“父亲天心明鉴,为世间除去一奸邪。”谢非池再抱一拳。
得他毕恭毕敬的答复,玄钧却并不出言令他再回席中。
气氛一时僵持。
一旁,玉机真人终于不忍。
她和缓道:“非池,你在那呆呆站着做什么,快入座罢。”
……
白天乔慧还真见了谢非池母亲玉机真人一面。
她前来拜见,先是抱了一拳,又将准备好的礼物捧出。
虽说师兄和她说不用带礼物拜访昆仑,但她的小灵囊里存了一堆平日做任务得到的赏赐,她也用不上那许多,仔细挑一件名贵的送与玉机真人好嘞。
玉机气度高华,为人却很和善,忙将她拉起,唤来侍女收下那小礼。
白虹道缥缈云雾中,玉机与她一道走着。玉机对她的学业很是关怀,听乔慧说自己在玉宸台名列前三,她笑道:“玉宸台中竞争激烈,小慧你的排名仅在两位首席之后,很是厉害。非池的信中提起过你,今日得见,确实是一表人才。”
乔慧挠了挠头,很有点不好意思。
一路上,玉机都在与她谈笑,问她的学业,又问她的志向,只在偶然间提起谢非池一二句来。

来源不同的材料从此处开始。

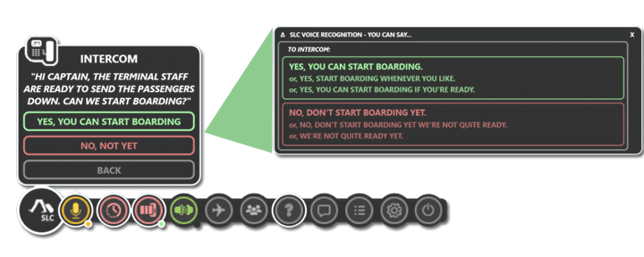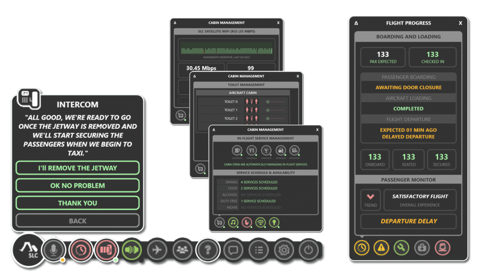 - Realistische In-Flight-Ansagen über Intercom, Lautsprechersystem und Bodenfunk.
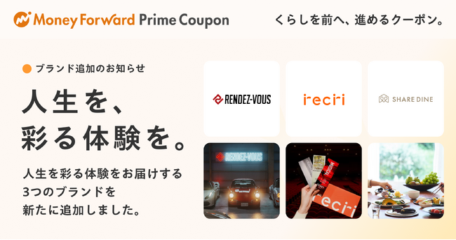 マネーフォワードホーム株式会社は、お金の見える化サービス『マネーフォワード ME』プレミアム会員限定「Prime Coupon(プライムクーポン)」において、本日2026年1月23日(金)より新たなクーポンを提供開始します。「人生を、彩る体験を。」をテーマに、自動車の共同所有サービス「RENDEZ-VOUS(ランデヴー)」、チケットのサブスクリプションサービス「recri(レクリ)」、出張シェフサービス「SHARE DINE(シェアダイン)」を新たな提携ブランドとして迎えました。
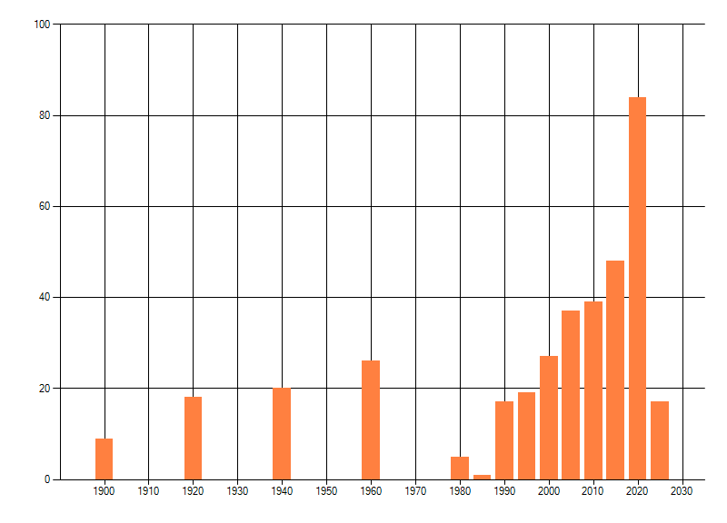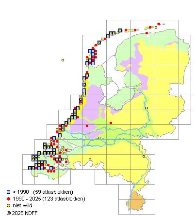 Het aantal atlasblokken (5x5 km) waarin de soort is gemeld binnen een periode van vijf jaar (vanaf 1980) of twintig jaar. Niet gecorrigeerd voor waarnemersinspanning en het aantal doorgegeven waarnemingen kan sterk variëren per periode, dus een trend in verspreiding kan hier niet direct uit worden afgelezen. Het opgegeven jaartal is het eerste jaar van de periode. Bron: gevalideerde waarnemingen uit de NDFF.
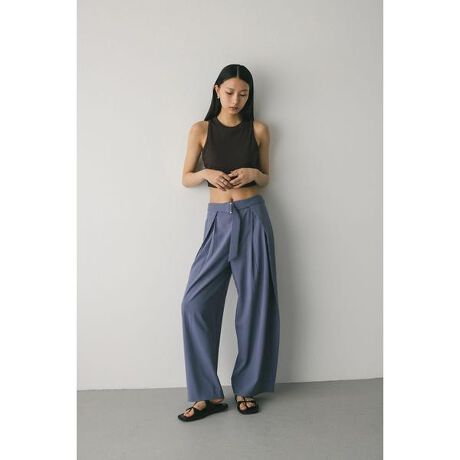 モデル身長172cm(Mサイズ着用)両サイドがラップデザインになっているシルエットがポイントのパンツ。フロントのバックルデザインで、トップスをインした時もスタイリングのアクセントになる一枚です。ストンと落ちるボトムスラインとワイドシルエットが脚のラインを拾わずスタイルアップ見せしてくれます。ローウエスト設定で腰回りをすっきりとした印象に導きます。ストレッチあり、透け感なし。【お手入れ方法】マシンウォッシュ可
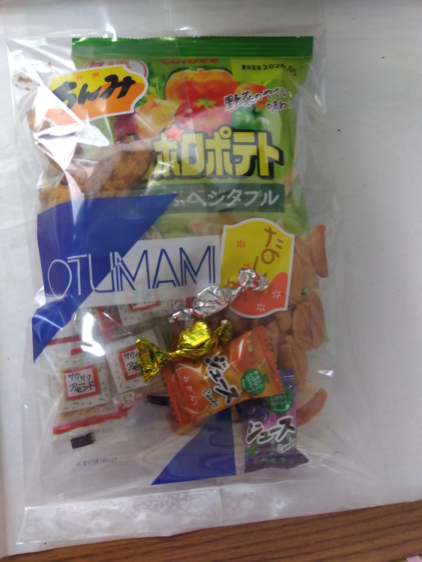 ソフトスルメ・おつまみチョコ(or珍味)・ スナック菓子(小袋)・柿ピー・ イカフライ・海苔巻きおかき・ アーモンドクッキー・マグロ珍味・ サラダあられ
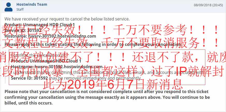 当你确认取消后等待Hostwinds回复,Hostwinds回复你后确认取消你的VPS服务,然后你需要发一封退款邮件申请,但是这个退款是退到你会员中心的金额,不是你的银行卡,你可以用它重新购买VPS。
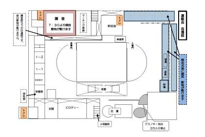 赤の部分:講堂のみ朝7:30より開放します。敷物を敷いてご利用ください。

第一回是在一座废园旁,玉机道这可是非池小时候灵力大发威烧毁的。
第二回是在昆仑学宫中,玉机又指指几位看似光风霁月清直不屈的仙师,说那几位先生从前可都被非池一掌拍得站不起来呢。
乔慧越听越疑惑,怎么听起来师兄小小年纪已经上房揭瓦毁天灭地,这对吗……
玉机道:“小时候他还没学会控制灵力,一不留神就烧了一座园林,在学宫和老师对练时也总是不小心把教习先生们一掌轰出十里远,打得别人七窍流血。有一回,他施御水术,却不慎将他父亲建在湖边的宝塔冲毁……”
乔慧心道,这还真是大水冲了龙王庙了!
“非池他从前没少受他父亲责罚,但一个五六岁的孩子,又焉能要求他事事做到尽善尽美呢?”
乔慧虽觉师兄儿时到处拆拆太耗建材了点,但听玉机真人追忆往昔时语气惋惜,总不好在人家慈母心肠面前直言吧,便道:“是呀是呀,真是令人同情。”
玉机继续道:“昆仑戒律森严,他小时候老是板着个脸,长大后更是变本加厉,脾气臭得很。难为小慧你能看上他,我也就了却心头一桩大事了。”
乔慧便道:“哪里哪里,不敢当不敢当。”怎么真人形容起师兄来,简直像个要赶紧抛售的烫手山芋一样!
玉机陪同她在昆仑中转了许久,这儿看一下那儿讲解一下,几乎将谢非池的底儿都揭了。乔慧心道记着这么多师兄的童年往事可不好,以后怎么直视他?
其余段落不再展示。